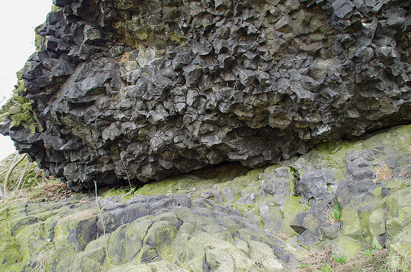 Říp Hill is a remnant of a lava lake that filled a crater formed by an explosive maar-diatreme eruption. Ascending magma interacted with groundwater, triggering a subsurface blast. The internal structure, including the inverted fan columnar jointing, indicates lava accumulation and cooling in the crater. Only the resistant core of the lava lake is now preserved.
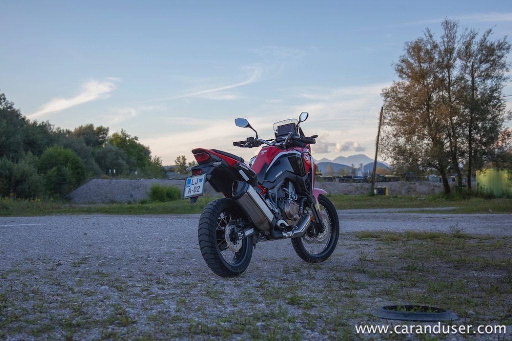 Navdušila me je tudi njena ciklistika, ki sem jo ravno zaradi nenormalnih vremenskih pogojev dodobra izkusila. Prevozili sva vse od sončne Primorske, hitrih avtocest pa do stoletnih nalivov in celo točo sva našli tam na Črnem kalu. Ampak v vseh omenjenih razmerah jo lahko samo potrepljam in pohvalim. V vseh pogojih sem imela v Africo popolno zaupanje. Na avtocesti se je izkazal večji agregat s 1.084 kubičnimi centimetri, ki zdaj zmore 75kW (102 KM) / 7,500/min in 105 Nm / 6,250/min. Primerno sta dodelana tudi menjalnik in sklopka. Pohvali se s tristopenjskim sistemom proti dvigovanju prednjega kolesa, ki pa ga lahko bolj kaskadersko naravnan motorist tudi popolnoma izključi.
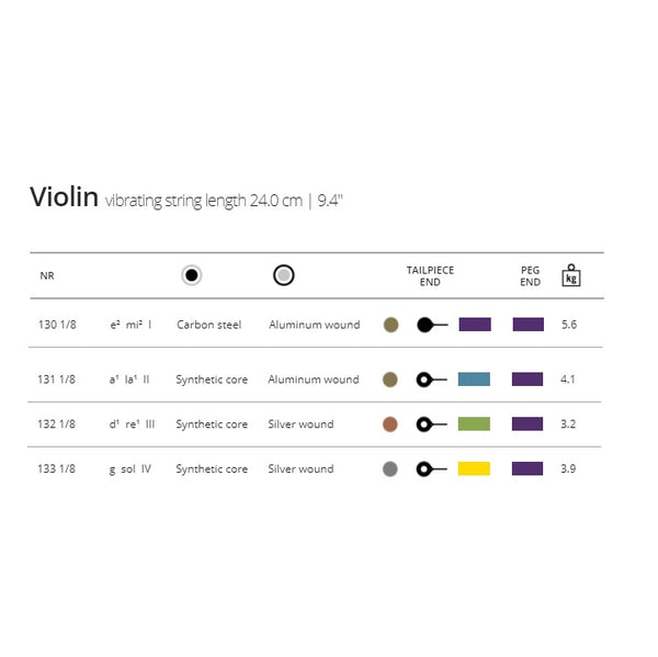 1/8 Dominant (ドミナント) は明るくガット弦のような豊かな響きをもち、湿度変化にも強く、フルサイズ譲りのチューニング安定性に優れた世界的に大人気の分数バイオリン弦です。
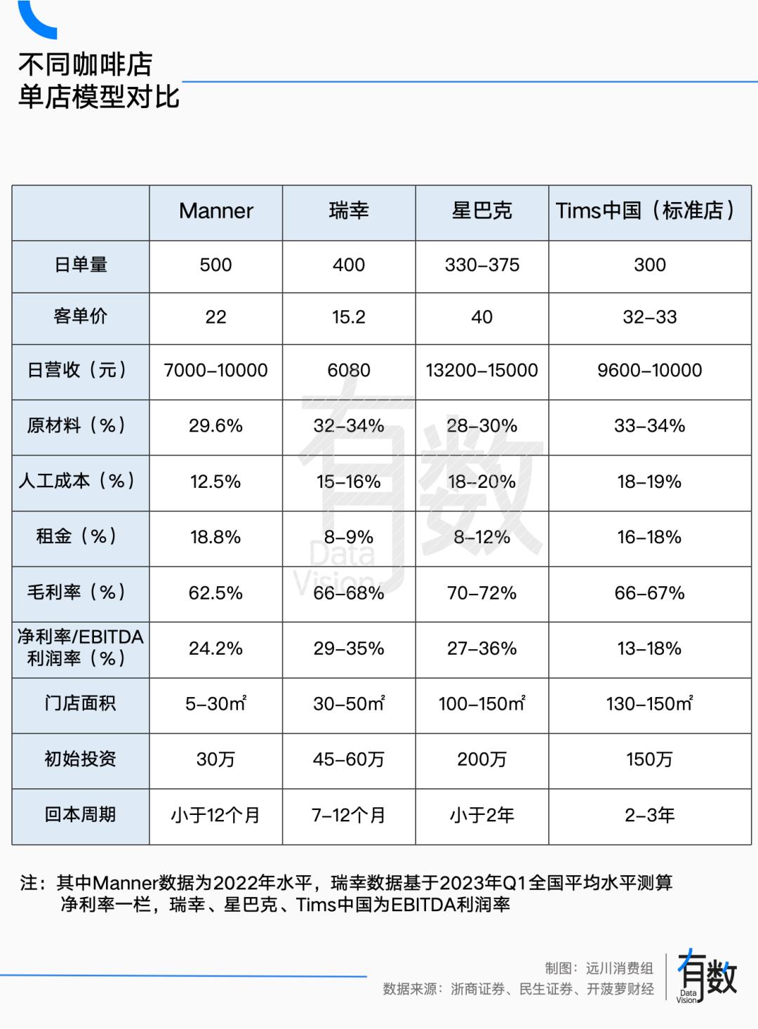 一位投资人曾表示,早期一家Manner的前期投入只需30万,3个多月就可以回本[12]。对比而言,瑞幸一开始的回本周期为在2年左右[13]。
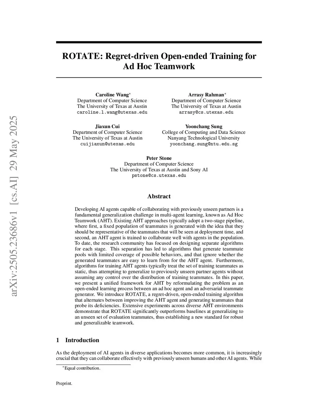 ROTATE: Regret-driven Open-ended Training for Ad Hoc Teamwork
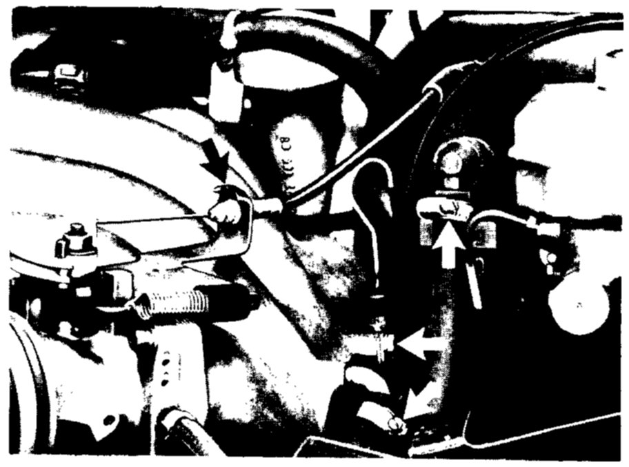 16. Remove intake manifold by dismantling holder on oil dipstick tube, hose on brake booster, hose on intake distributor, retaining clamp on accelerator cable, and mounting bolts of intake distributor/cylinder head.
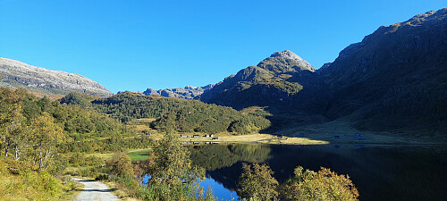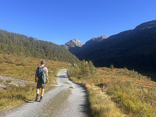 Første 5 kilometrane inn Steinkvanndalen gjekk på grusveg. Her hadde det vert fint med sykkel, i alle fall på returen!
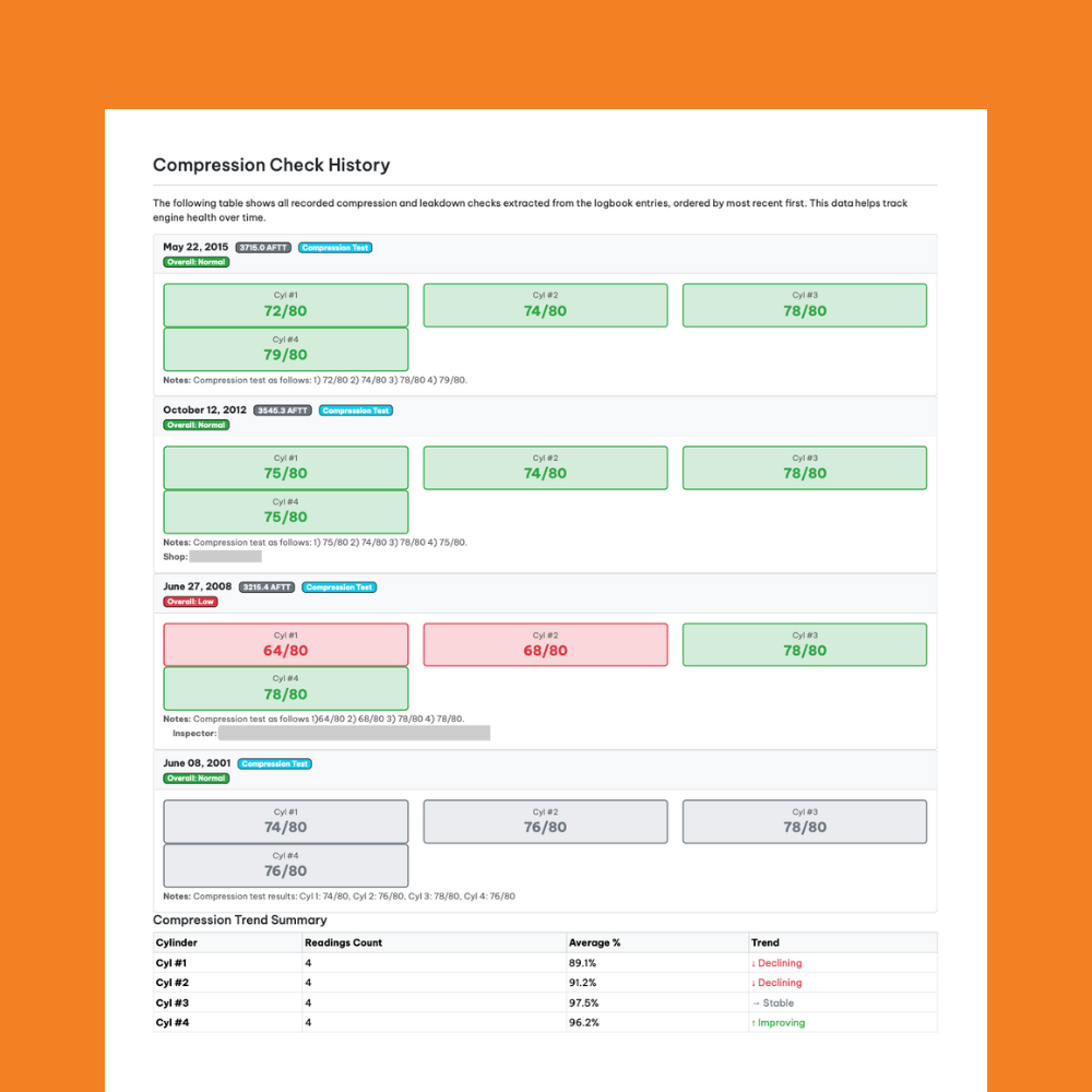 Windsock PLUS is where it gets really fun. In addition to all the core insights you get with our standard report, running a PLUS report allows our technology to quickly analyze aircraft maintenance logbooks (handwritten & types) to give you valuable insights into your aircraft's maintenance history.
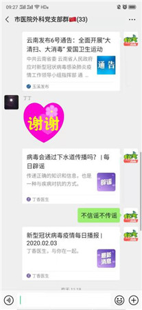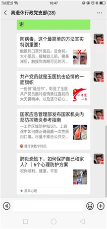 一是强化宣传,做好防疫宣传发动。指导员采取多渠道、多形式开展疫情防控宣传工作,通过支部微信群发布、电话指导等方式向离退休老同志及时传达中央和省、市委的最新防疫精神,大力普及疫情防控知识,及时准确发布疫情信息、医院战疫动态等。截止2月5日,发布疫情防控信息46条、疫情确诊新增情况信息4条、医院抗疫优秀事迹12条、防疫物品规范使用建议4条、辟谣信息1条,张贴宣传画12份。有效增强了离退休老同志防护知识和防控能力。
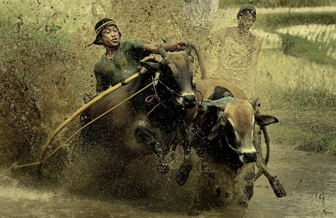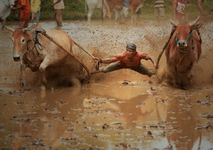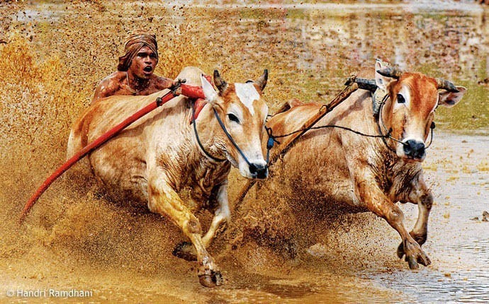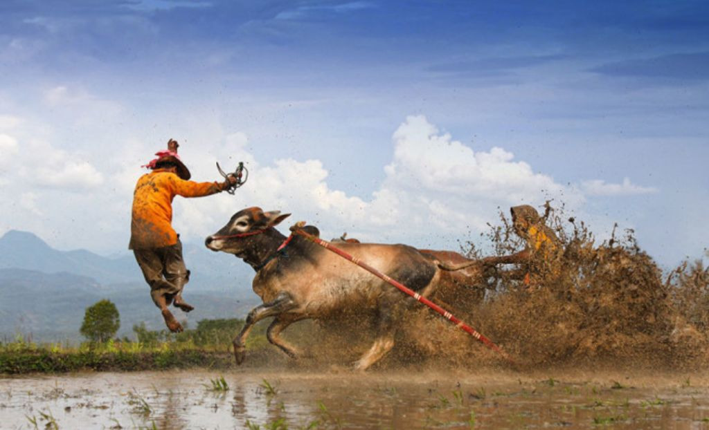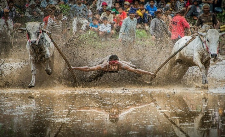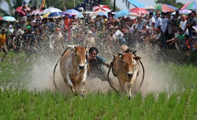 매년 열리는 이 대회는 수확량을 늘리기 위해 소를 몰고 논을 갈던 인도네시아 전통행사에서 유래된 것이다. 이 경주에서 우승한 황소는 높은 가격으로 팔 수 있다.

◇ ◇ ◇

• [Exercise prompt]: Quote every line of the records above exactly; no picture is to be copied.

• [Output for this exercise]:
 Říp Hill is a remnant of a lava lake that filled a crater formed by an explosive maar-diatreme eruption. Ascending magma interacted with groundwater, triggering a subsurface blast. The internal structure, including the inverted fan columnar jointing, indicates lava accumulation and cooling in the crater. Only the resistant core of the lava lake is now preserved.
 Navdušila me je tudi njena ciklistika, ki sem jo ravno zaradi nenormalnih vremenskih pogojev dodobra izkusila. Prevozili sva vse od sončne Primorske, hitrih avtocest pa do stoletnih nalivov in celo točo sva našli tam na Črnem kalu. Ampak v vseh omenjenih razmerah jo lahko samo potrepljam in pohvalim. V vseh pogojih sem imela v Africo popolno zaupanje. Na avtocesti se je izkazal večji agregat s 1.084 kubičnimi centimetri, ki zdaj zmore 75kW (102 KM) / 7,500/min in 105 Nm / 6,250/min. Primerno sta dodelana tudi menjalnik in sklopka. Pohvali se s tristopenjskim sistemom proti dvigovanju prednjega kolesa, ki pa ga lahko bolj kaskadersko naravnan motorist tudi popolnoma izključi.
 1/8 Dominant (ドミナント) は明るくガット弦のような豊かな響きをもち、湿度変化にも強く、フルサイズ譲りのチューニング安定性に優れた世界的に大人気の分数バイオリン弦です。
 一位投资人曾表示,早期一家Manner的前期投入只需30万,3个多月就可以回本[12]。对比而言,瑞幸一开始的回本周期为在2年左右[13]。
 ROTATE: Regret-driven Open-ended Training for Ad Hoc Teamwork
 16. Remove intake manifold by dismantling holder on oil dipstick tube, hose on brake booster, hose on intake distributor, retaining clamp on accelerator cable, and mounting bolts of intake distributor/cylinder head.
 Første 5 kilometrane inn Steinkvanndalen gjekk på grusveg. Her hadde det vert fint med sykkel, i alle fall på returen!
 Windsock PLUS is where it gets really fun. In addition to all the core insights you get with our standard report, running a PLUS report allows our technology to quickly analyze aircraft maintenance logbooks (handwritten & types) to give you valuable insights into your aircraft's maintenance history.
 一是强化宣传,做好防疫宣传发动。指导员采取多渠道、多形式开展疫情防控宣传工作,通过支部微信群发布、电话指导等方式向离退休老同志及时传达中央和省、市委的最新防疫精神,大力普及疫情防控知识,及时准确发布疫情信息、医院战疫动态等。截止2月5日,发布疫情防控信息46条、疫情确诊新增情况信息4条、医院抗疫优秀事迹12条、防疫物品规范使用建议4条、辟谣信息1条,张贴宣传画12份。有效增强了离退休老同志防护知识和防控能力。
 매년 열리는 이 대회는 수확량을 늘리기 위해 소를 몰고 논을 갈던 인도네시아 전통행사에서 유래된 것이다. 이 경주에서 우승한 황소는 높은 가격으로 팔 수 있다.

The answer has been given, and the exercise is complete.